While his argument that scientists skew Democrat because of a generally shared belief in government solving problems would seem to hold water, his portrait of the new “Lab-Coat Liberal” rests on too little evidence and not enough explanation. And while he is to be commended for pointing out attacks on science from both political extremes, he fails to give weight to their efforts. He may be able to balance attacks on sociobiology with attacks on evolution philosophically, but in political history they hold vastly different weights. However, his interest lies with science and political science, not with partisanship.
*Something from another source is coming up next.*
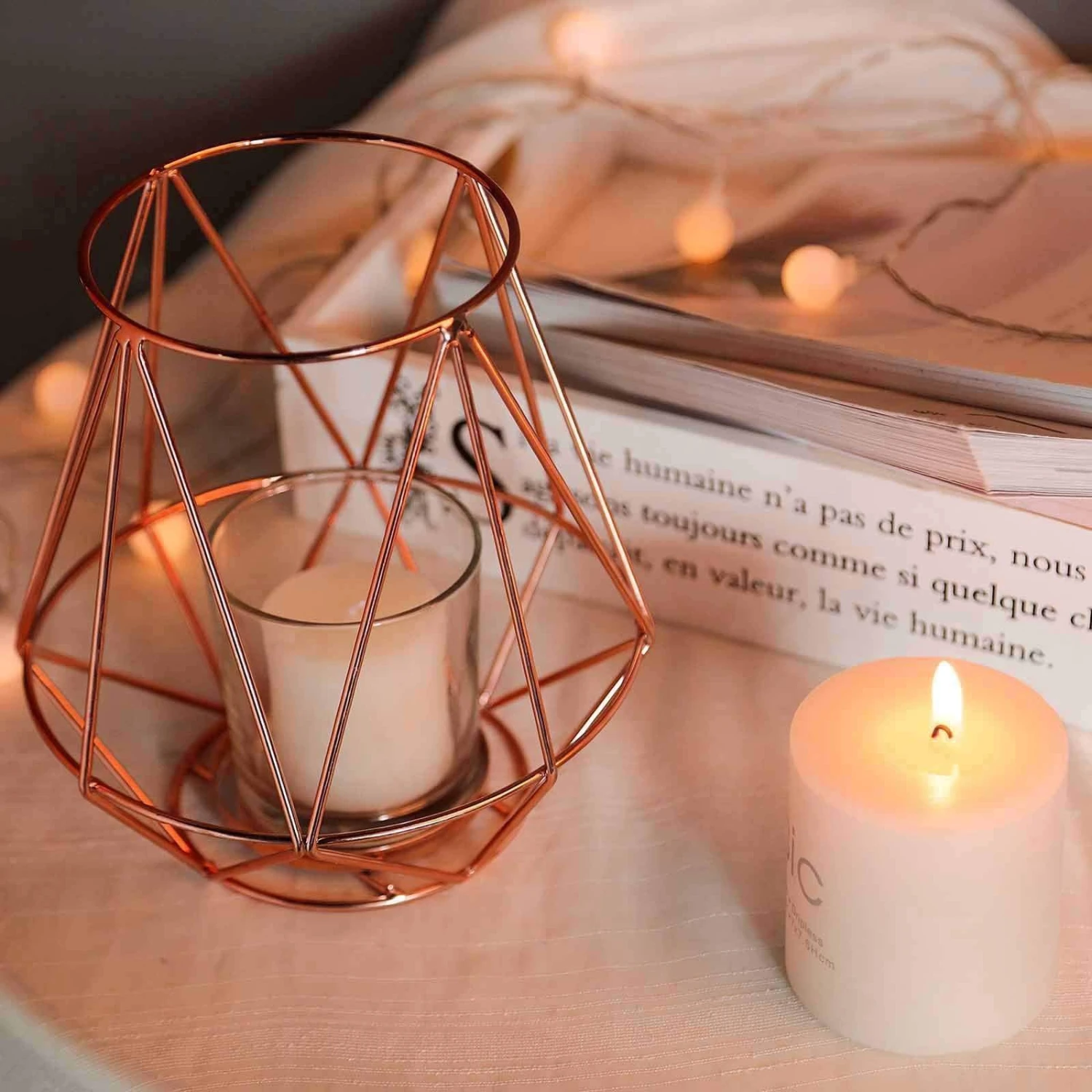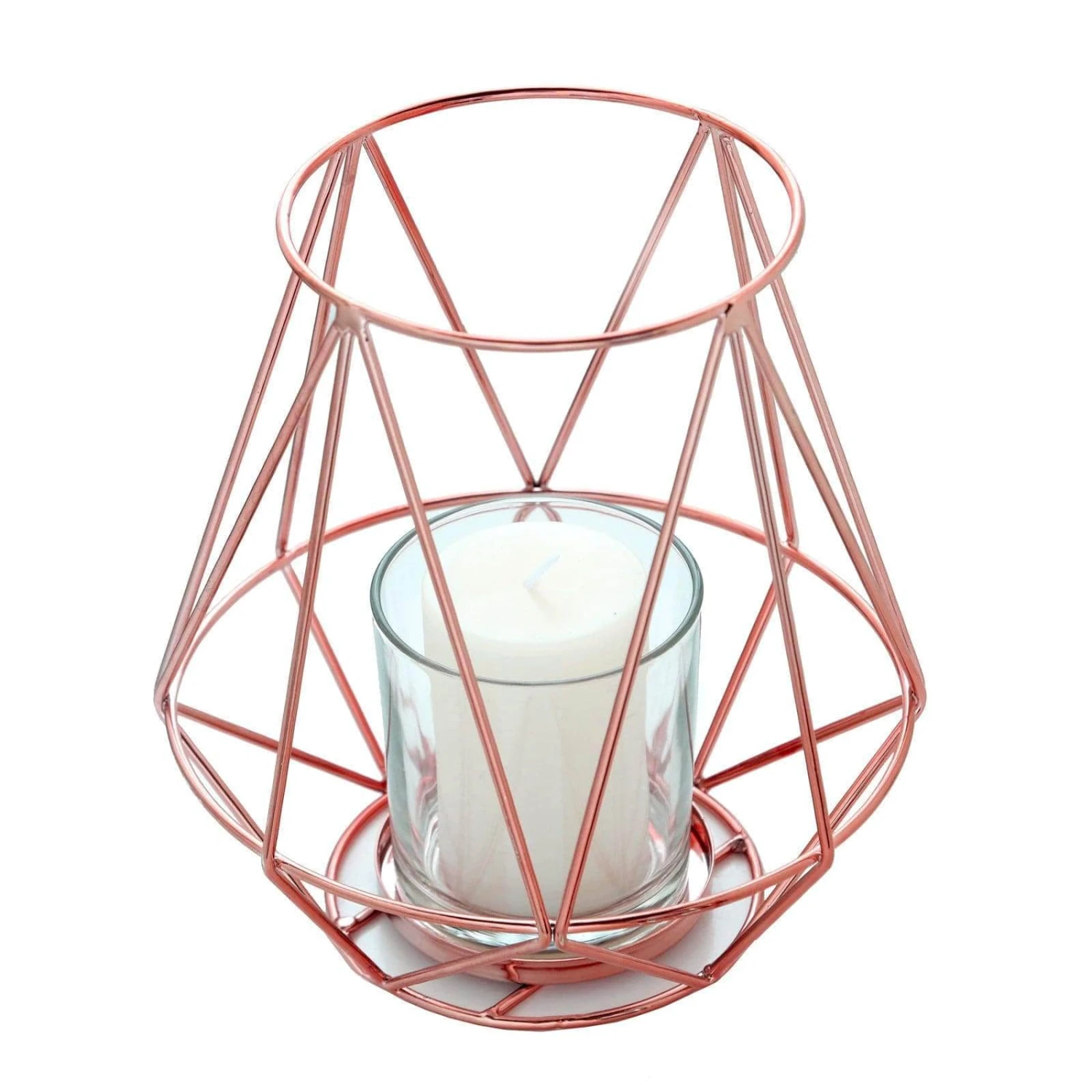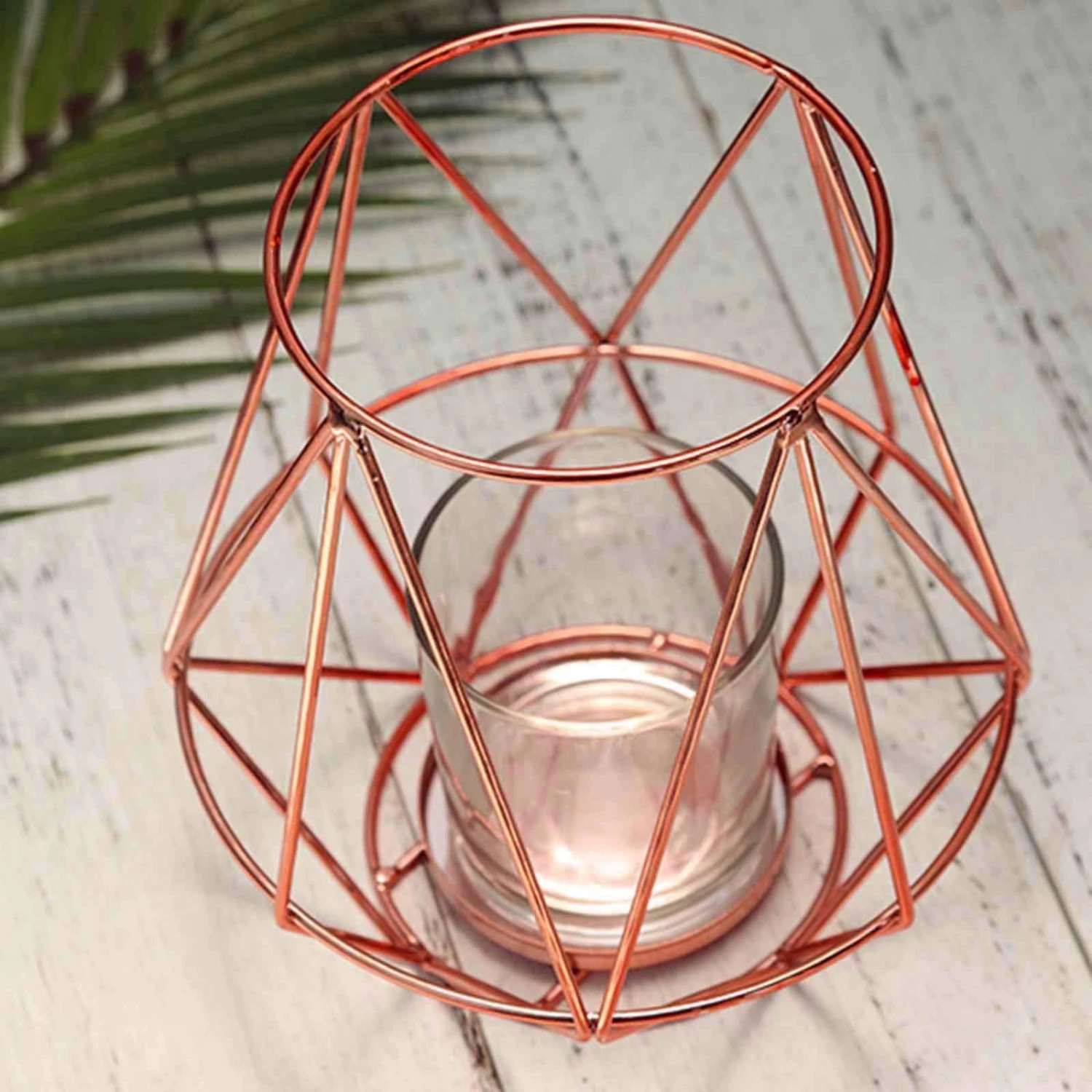 These Rose Gold Geometric Design Metal Tealight Holders makes a stunning centerpiece. The base has a solid metal bottom cup for the placement of a tealight, a votive candle, succulents, flowers and lush greenery. Our candle holders are great for weddings, parties, events or simply using it in your own home.

A fascinating, if somewhat frightening, societal experiment is under way. The question is whether democracy naturally advances science, or whether modern progress in science actually has less to do with heralded forms of government than with the fruit born of a special moment in historical time, the modern European Enlightenment, from which America, courtesy of the Founders, greatly benefited.

We think it’s a bit more frightening than fascinating, given that we’re not in the control group. But bravo to Starobin for this thought-provoking article.